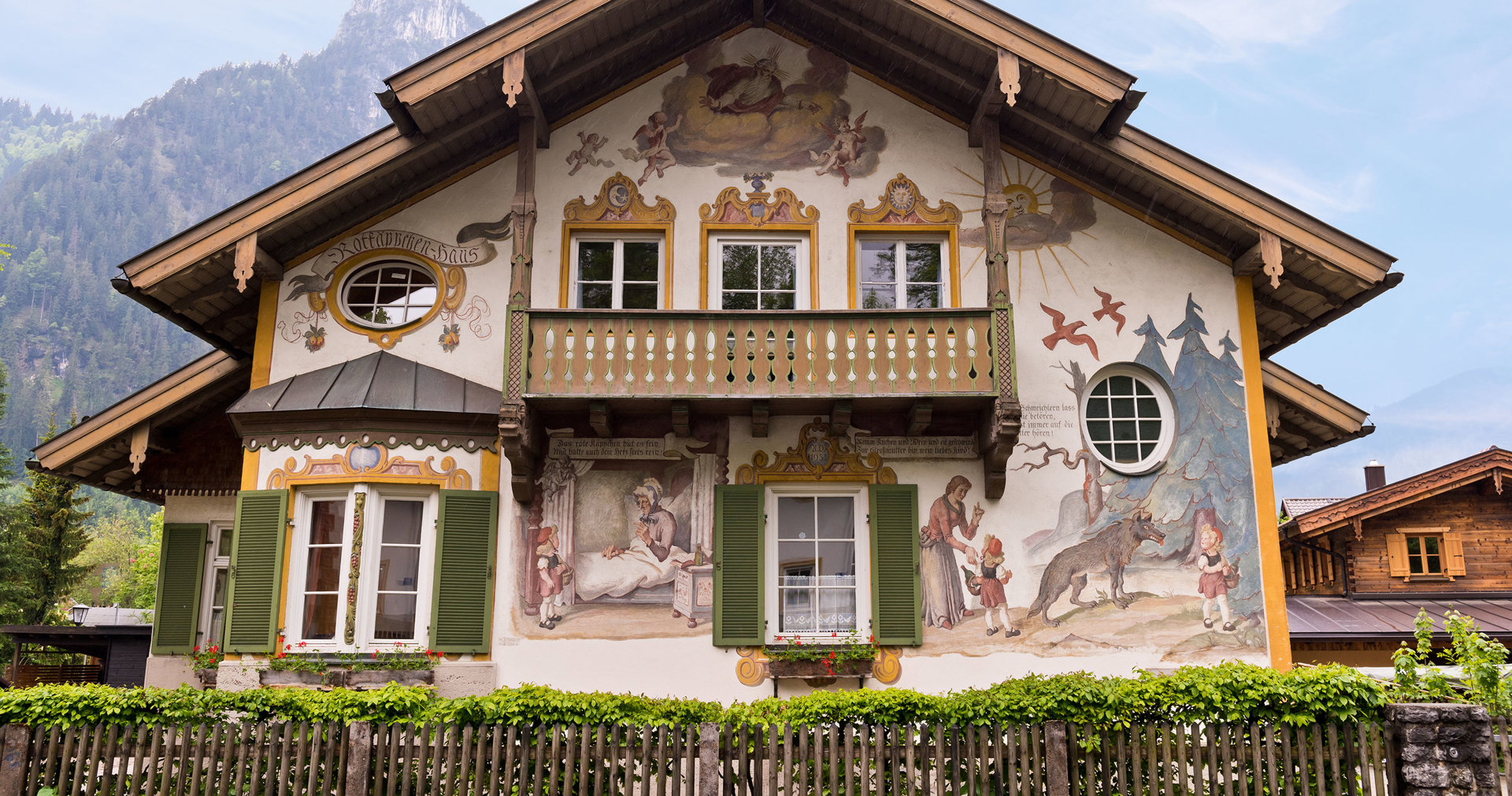 Το Ομπεραμεργκάου είναι ένα παραμυθένιο χωριό στους πρόποδες των Άλπεων, διάσημο για τα υπέροχα ζωγραφισμένα από ντόπιους σπίτια του και την αναπαράσταση των Παθών του Χριστού κάθε 10 χρόνια. Περπατώντας θα τα δούμε όλα από κοντά: στους τοίχους ολόγυρα υπάρχουν θέματα θρησκευτικού περιεχομένου, δοσμένα με ρομαντικό τρόπο, βουκολικές αναπαραστάσεις από τη ζωή της υπαίθρου, την καθημερινότητα και κυρίως εικόνες από τον ονειρικό κόσμο των παραμυθιών και του γερμανικού θρύλου.
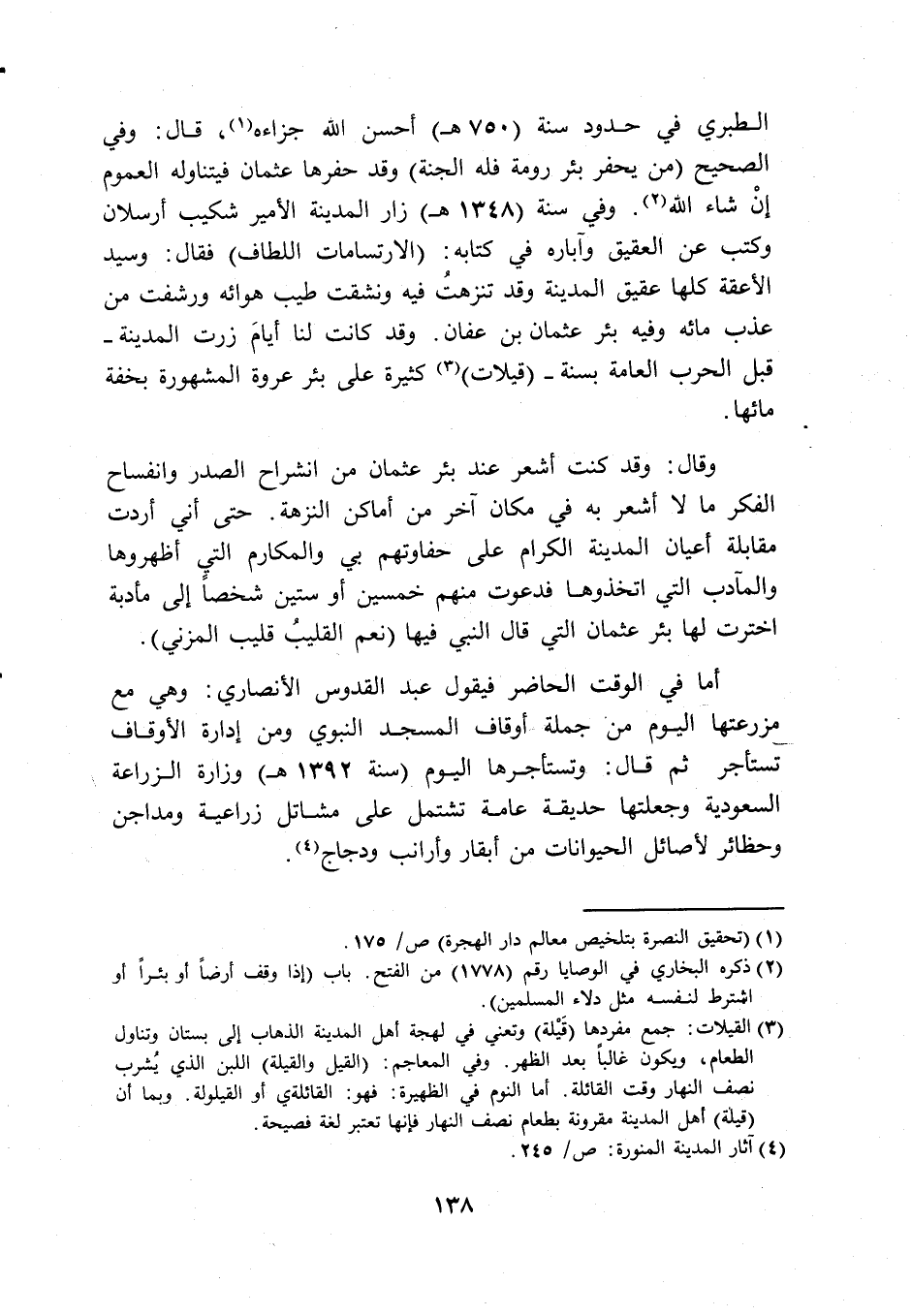 الطبري في حدود سنة (750 هـ) أحسن الله جزاءه (1)، قال: وفي الصحيح (من يحفر بئر رومة فله الجنة) وقد حفرها عثمان فيتناوله العموم إن شاء الله (2).
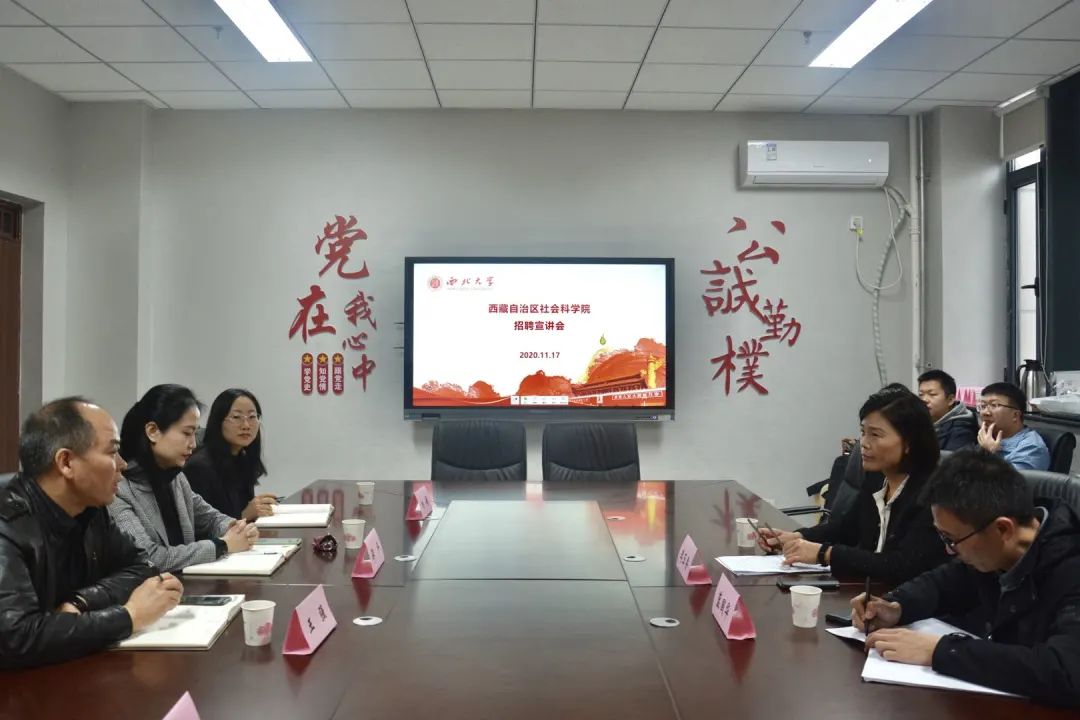 11月17日上午,西藏自治区社会科学院党组成员、副院长,西藏自治区哲学社会科学界联合会副主席李玉香、科研院科研处处长蓝国华一行到365英国官网进行了优秀研究生招聘宣讲。365英国官网常务副院长王强、辅导员刘娟及2021届硕士毕业生参加了会议。活动由365英国官网党委副书记邵平主持。

• [TASK GOAL] Print once more, exactly, the lines from the one with "الطبري في حدود" through the last line of the data, both ends included, without any pictures.

• [EXERCISE SOLUTION]
 الطبري في حدود سنة (750 هـ) أحسن الله جزاءه (1)، قال: وفي الصحيح (من يحفر بئر رومة فله الجنة) وقد حفرها عثمان فيتناوله العموم إن شاء الله (2).
 11月17日上午,西藏自治区社会科学院党组成员、副院长,西藏自治区哲学社会科学界联合会副主席李玉香、科研院科研处处长蓝国华一行到365英国官网进行了优秀研究生招聘宣讲。365英国官网常务副院长王强、辅导员刘娟及2021届硕士毕业生参加了会议。活动由365英国官网党委副书记邵平主持。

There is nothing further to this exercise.